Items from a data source
§
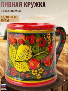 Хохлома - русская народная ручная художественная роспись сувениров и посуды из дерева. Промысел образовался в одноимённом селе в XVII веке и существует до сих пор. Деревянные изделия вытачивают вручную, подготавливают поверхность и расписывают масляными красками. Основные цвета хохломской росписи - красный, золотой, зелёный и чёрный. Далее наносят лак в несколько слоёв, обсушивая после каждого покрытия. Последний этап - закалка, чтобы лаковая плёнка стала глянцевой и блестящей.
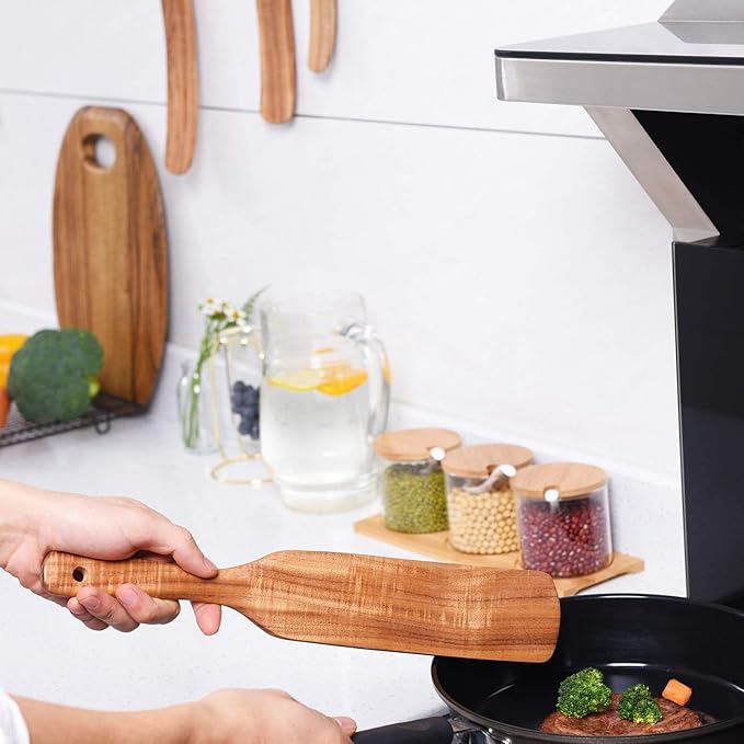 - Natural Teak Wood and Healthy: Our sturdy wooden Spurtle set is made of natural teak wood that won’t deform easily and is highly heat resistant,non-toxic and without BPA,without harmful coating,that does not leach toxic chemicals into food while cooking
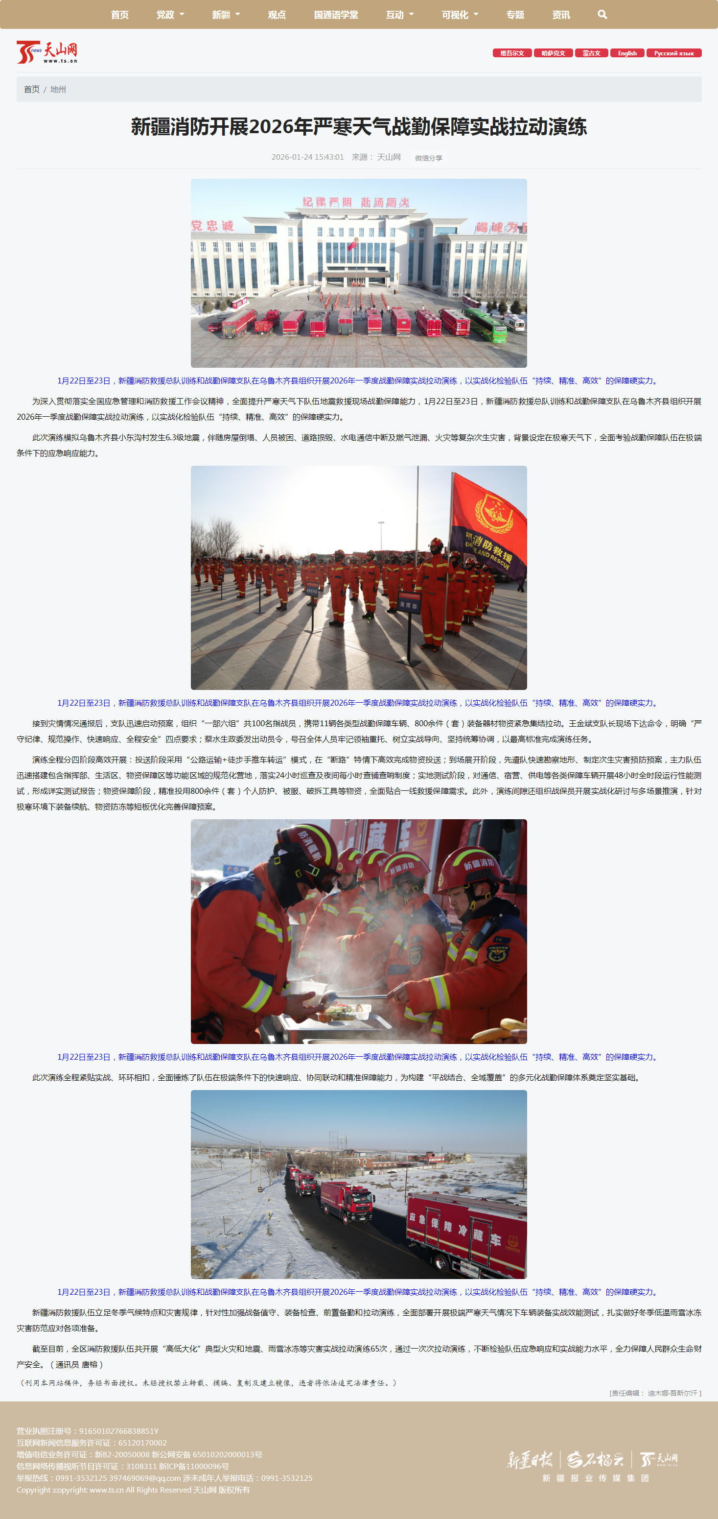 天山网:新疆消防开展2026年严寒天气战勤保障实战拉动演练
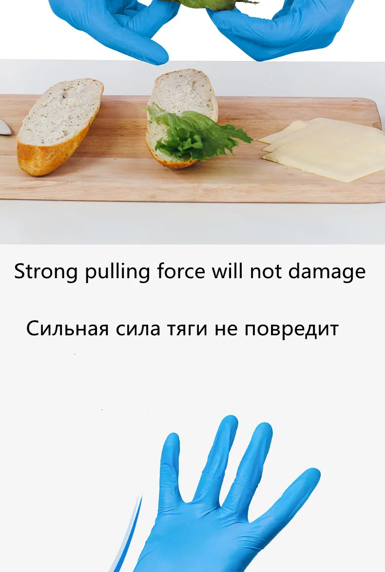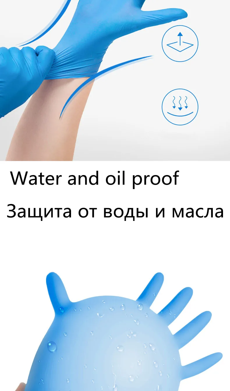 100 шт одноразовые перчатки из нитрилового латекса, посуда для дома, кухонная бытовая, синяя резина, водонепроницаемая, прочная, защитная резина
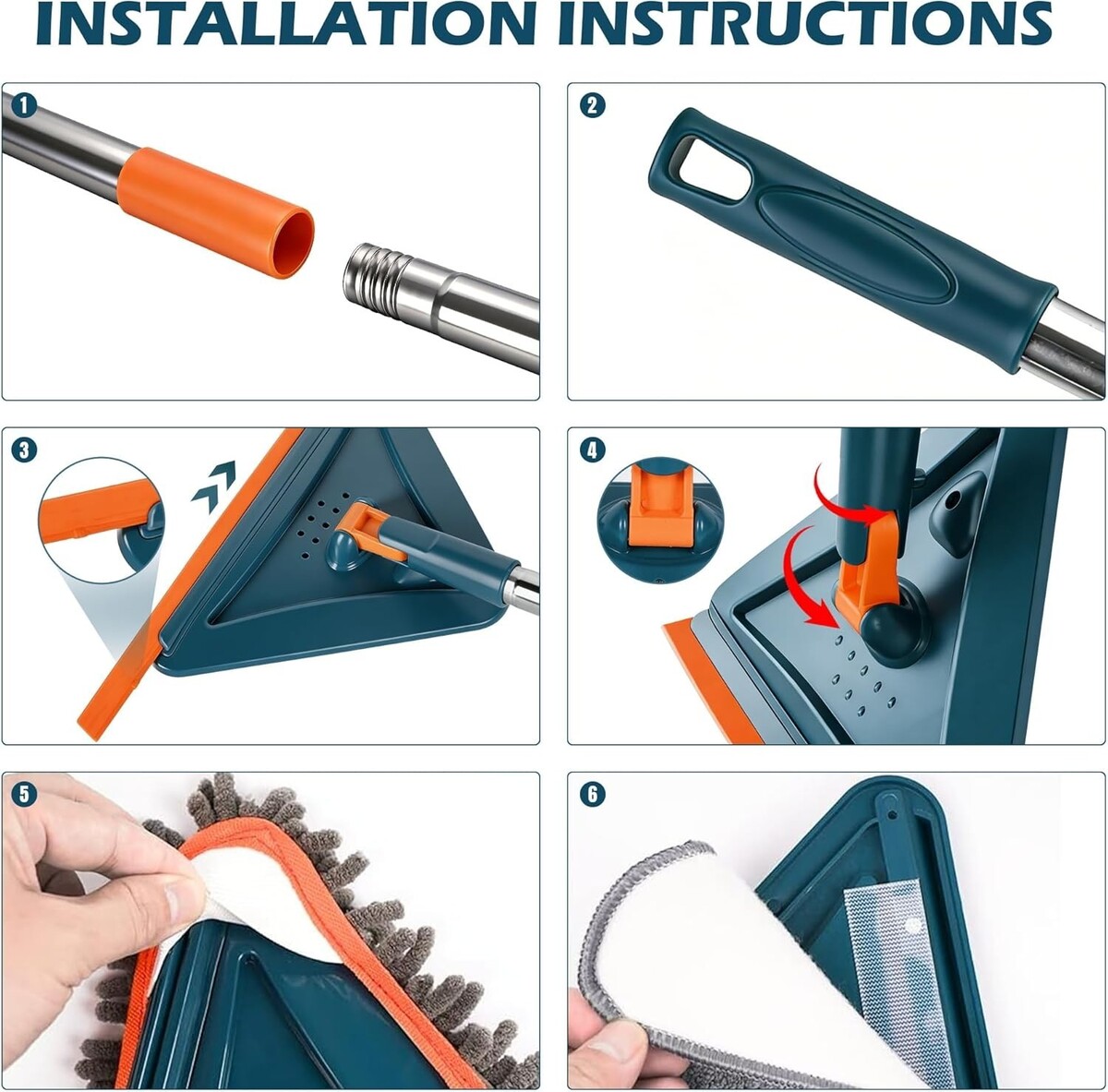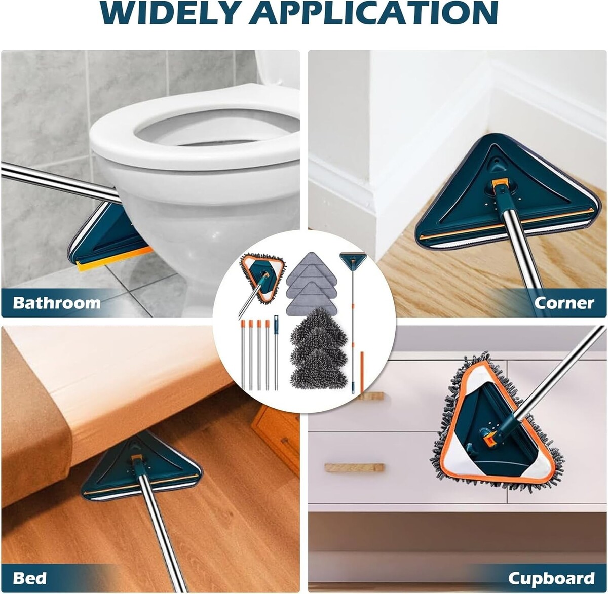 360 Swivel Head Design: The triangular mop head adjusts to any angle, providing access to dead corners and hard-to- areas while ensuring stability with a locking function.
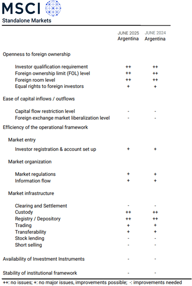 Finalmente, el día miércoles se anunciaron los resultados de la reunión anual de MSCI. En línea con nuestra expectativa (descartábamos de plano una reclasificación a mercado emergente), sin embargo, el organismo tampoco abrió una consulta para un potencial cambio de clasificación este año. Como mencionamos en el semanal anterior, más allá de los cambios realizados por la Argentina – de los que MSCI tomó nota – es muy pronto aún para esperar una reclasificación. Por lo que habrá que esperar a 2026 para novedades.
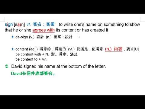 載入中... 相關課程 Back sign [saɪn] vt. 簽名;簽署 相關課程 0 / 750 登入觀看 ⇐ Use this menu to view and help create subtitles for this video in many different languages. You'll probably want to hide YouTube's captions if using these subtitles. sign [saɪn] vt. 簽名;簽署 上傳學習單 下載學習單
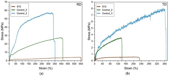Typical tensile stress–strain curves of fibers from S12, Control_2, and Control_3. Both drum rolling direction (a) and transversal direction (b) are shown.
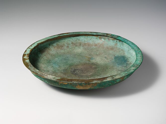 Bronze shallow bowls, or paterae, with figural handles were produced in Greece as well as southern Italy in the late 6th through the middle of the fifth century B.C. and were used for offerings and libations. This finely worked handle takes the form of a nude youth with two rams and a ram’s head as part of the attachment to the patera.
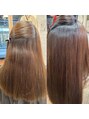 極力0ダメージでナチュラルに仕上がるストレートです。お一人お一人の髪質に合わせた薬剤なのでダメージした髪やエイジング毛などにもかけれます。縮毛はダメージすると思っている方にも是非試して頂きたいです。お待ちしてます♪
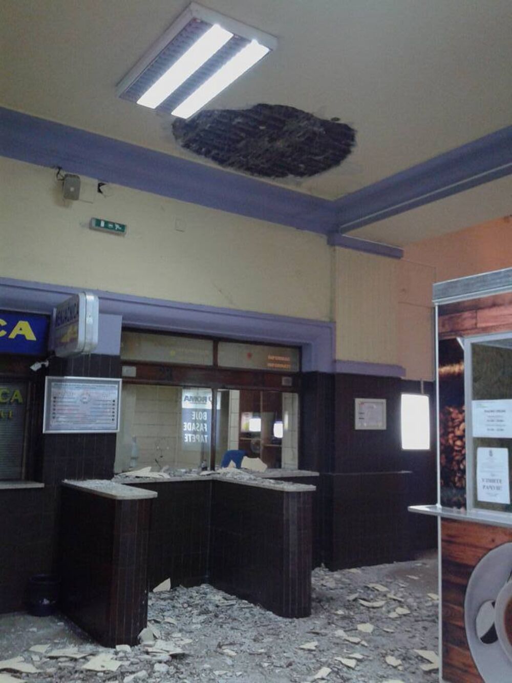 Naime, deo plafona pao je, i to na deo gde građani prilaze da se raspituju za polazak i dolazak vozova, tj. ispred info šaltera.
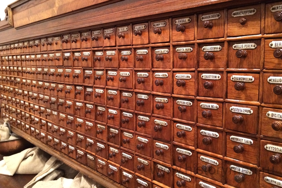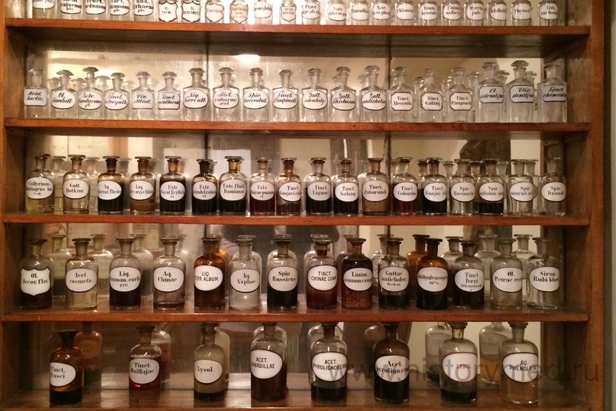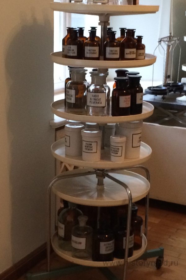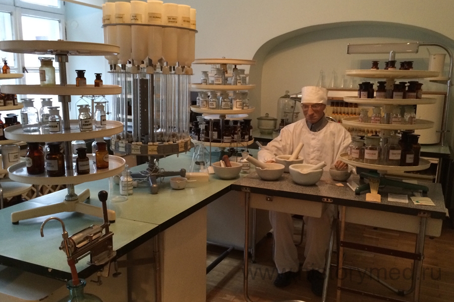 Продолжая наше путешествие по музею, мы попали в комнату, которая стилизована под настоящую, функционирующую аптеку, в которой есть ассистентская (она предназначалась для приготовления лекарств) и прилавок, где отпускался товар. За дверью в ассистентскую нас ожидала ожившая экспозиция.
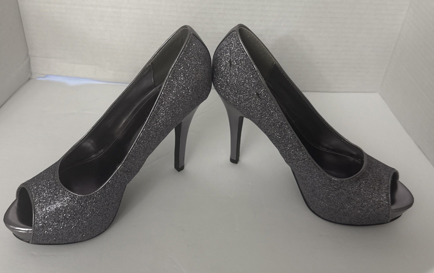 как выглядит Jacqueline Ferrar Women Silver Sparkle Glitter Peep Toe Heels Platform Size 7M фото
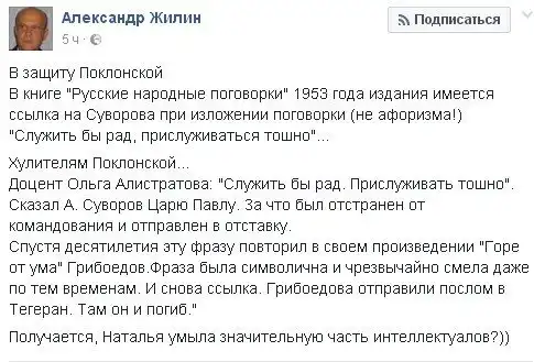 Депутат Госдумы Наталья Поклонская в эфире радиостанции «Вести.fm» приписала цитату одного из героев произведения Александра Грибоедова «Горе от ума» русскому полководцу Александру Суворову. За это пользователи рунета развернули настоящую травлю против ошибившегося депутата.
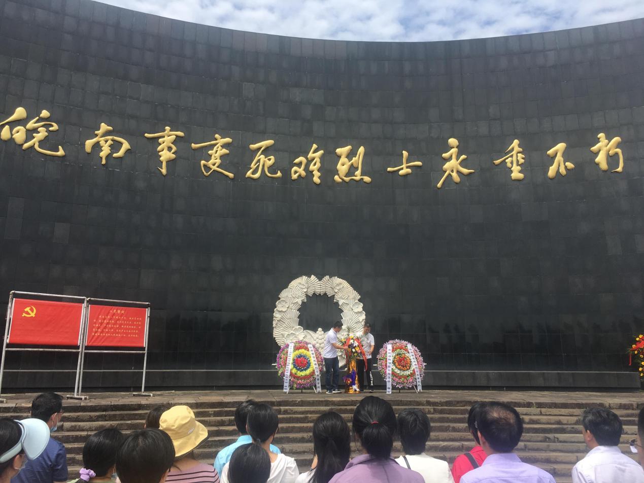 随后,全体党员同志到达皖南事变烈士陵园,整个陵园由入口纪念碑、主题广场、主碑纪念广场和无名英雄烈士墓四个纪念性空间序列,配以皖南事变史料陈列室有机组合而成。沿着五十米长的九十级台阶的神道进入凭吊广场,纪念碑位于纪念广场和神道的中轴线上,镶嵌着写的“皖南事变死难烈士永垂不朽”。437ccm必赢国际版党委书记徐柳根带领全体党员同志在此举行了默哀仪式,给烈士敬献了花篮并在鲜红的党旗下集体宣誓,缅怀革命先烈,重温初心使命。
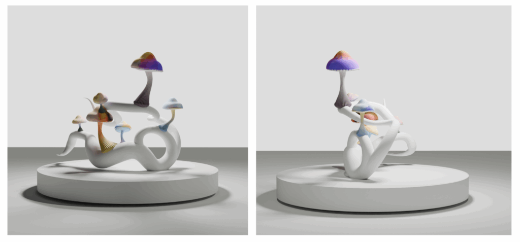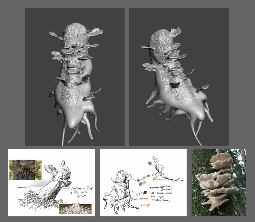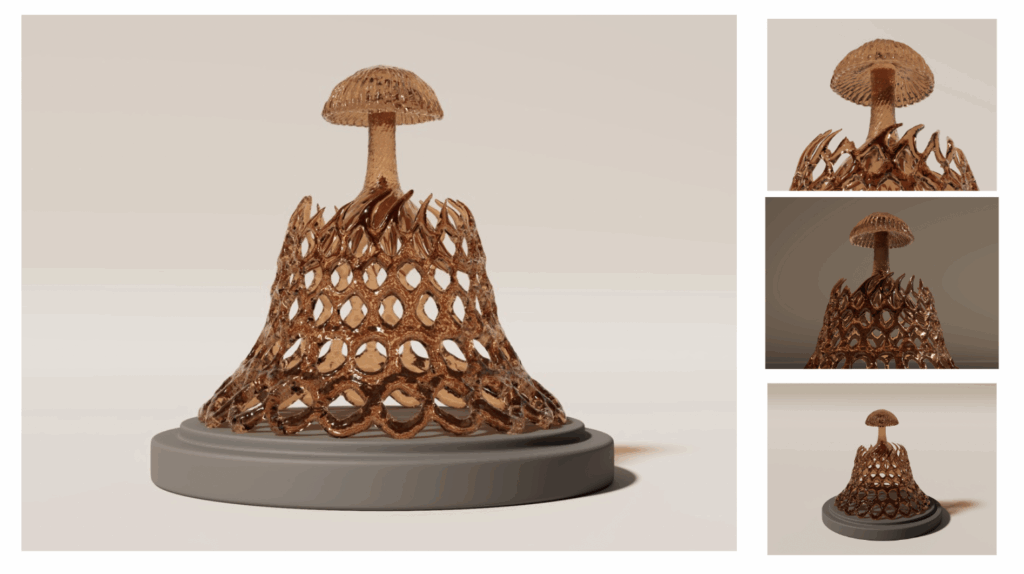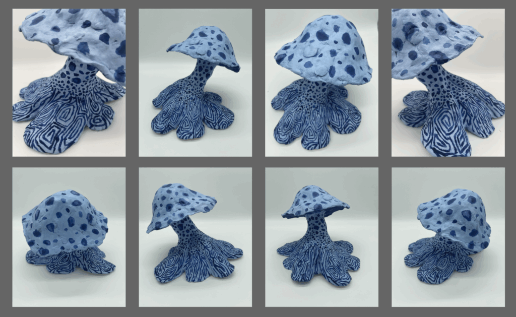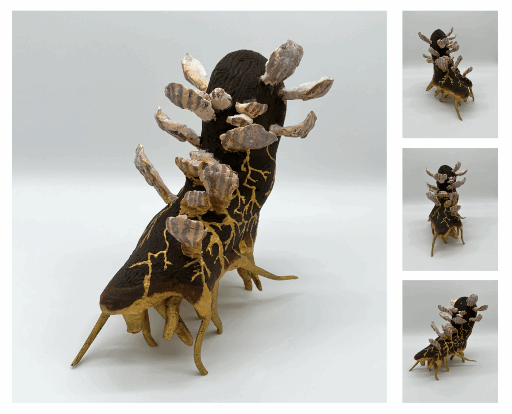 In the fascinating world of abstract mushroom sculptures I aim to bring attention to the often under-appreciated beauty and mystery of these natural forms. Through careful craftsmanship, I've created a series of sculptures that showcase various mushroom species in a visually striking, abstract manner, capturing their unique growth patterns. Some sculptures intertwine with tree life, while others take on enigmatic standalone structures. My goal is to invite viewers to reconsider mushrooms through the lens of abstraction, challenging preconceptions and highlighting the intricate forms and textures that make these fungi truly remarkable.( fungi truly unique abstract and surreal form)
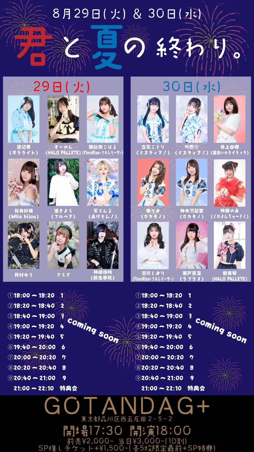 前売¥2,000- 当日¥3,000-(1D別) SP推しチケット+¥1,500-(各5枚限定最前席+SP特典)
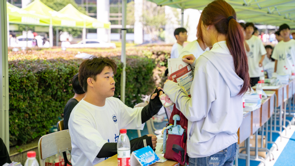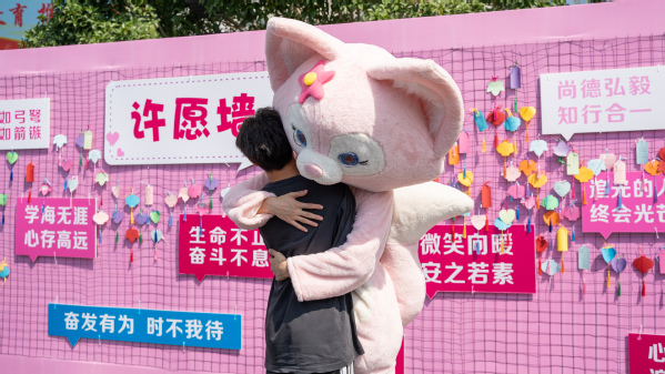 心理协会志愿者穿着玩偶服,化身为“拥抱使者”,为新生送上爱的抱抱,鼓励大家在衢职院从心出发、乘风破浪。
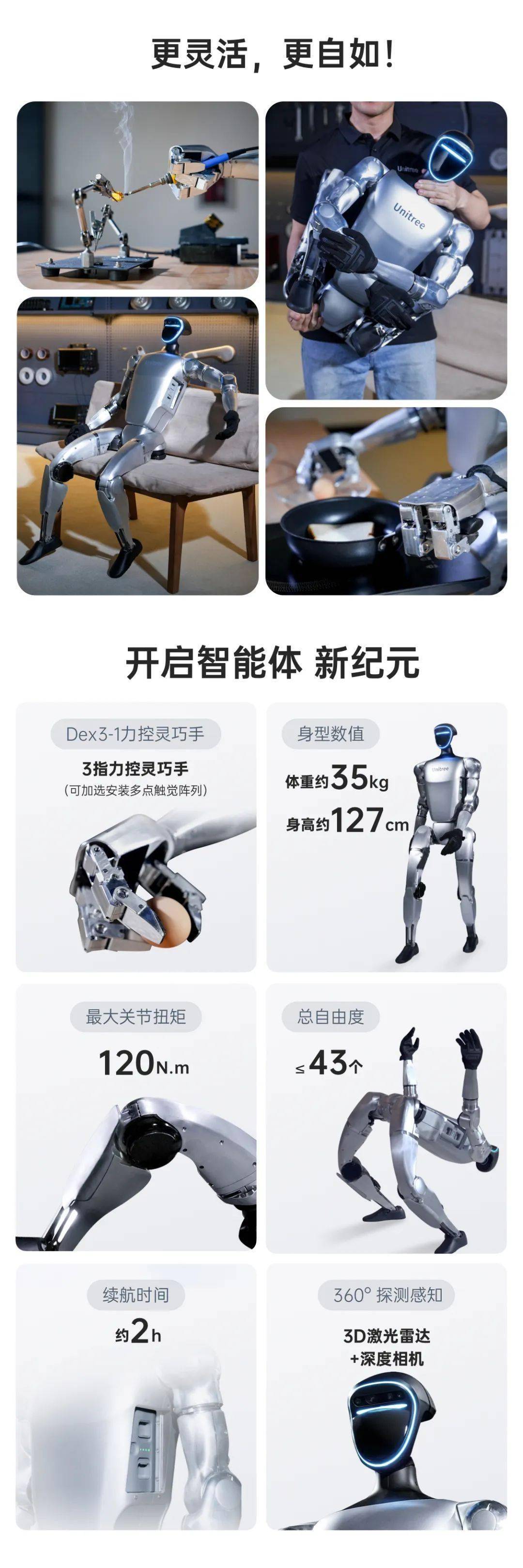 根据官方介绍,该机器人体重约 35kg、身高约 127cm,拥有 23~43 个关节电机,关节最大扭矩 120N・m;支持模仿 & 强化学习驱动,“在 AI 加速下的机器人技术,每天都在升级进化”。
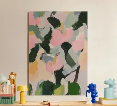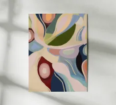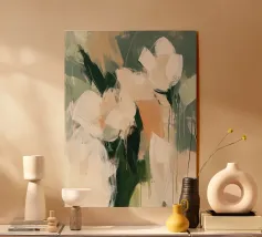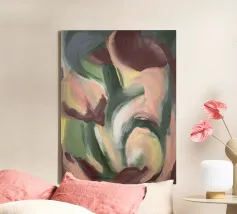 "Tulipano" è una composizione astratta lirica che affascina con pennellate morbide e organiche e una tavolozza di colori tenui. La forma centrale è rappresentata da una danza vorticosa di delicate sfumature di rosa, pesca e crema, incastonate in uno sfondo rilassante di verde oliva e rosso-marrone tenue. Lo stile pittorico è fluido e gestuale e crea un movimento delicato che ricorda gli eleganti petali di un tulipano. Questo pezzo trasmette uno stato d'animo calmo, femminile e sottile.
§
The problem: Return only the lines running from the top of the data to the line that holds "100 шт одноразовые". Include both of those lines, but skip the pictures.

Written response:
 Хохлома - русская народная ручная художественная роспись сувениров и посуды из дерева. Промысел образовался в одноимённом селе в XVII веке и существует до сих пор. Деревянные изделия вытачивают вручную, подготавливают поверхность и расписывают масляными красками. Основные цвета хохломской росписи - красный, золотой, зелёный и чёрный. Далее наносят лак в несколько слоёв, обсушивая после каждого покрытия. Последний этап - закалка, чтобы лаковая плёнка стала глянцевой и блестящей.
 - Natural Teak Wood and Healthy: Our sturdy wooden Spurtle set is made of natural teak wood that won’t deform easily and is highly heat resistant,non-toxic and without BPA,without harmful coating,that does not leach toxic chemicals into food while cooking
 天山网:新疆消防开展2026年严寒天气战勤保障实战拉动演练
 100 шт одноразовые перчатки из нитрилового латекса, посуда для дома, кухонная бытовая, синяя резина, водонепроницаемая, прочная, защитная резина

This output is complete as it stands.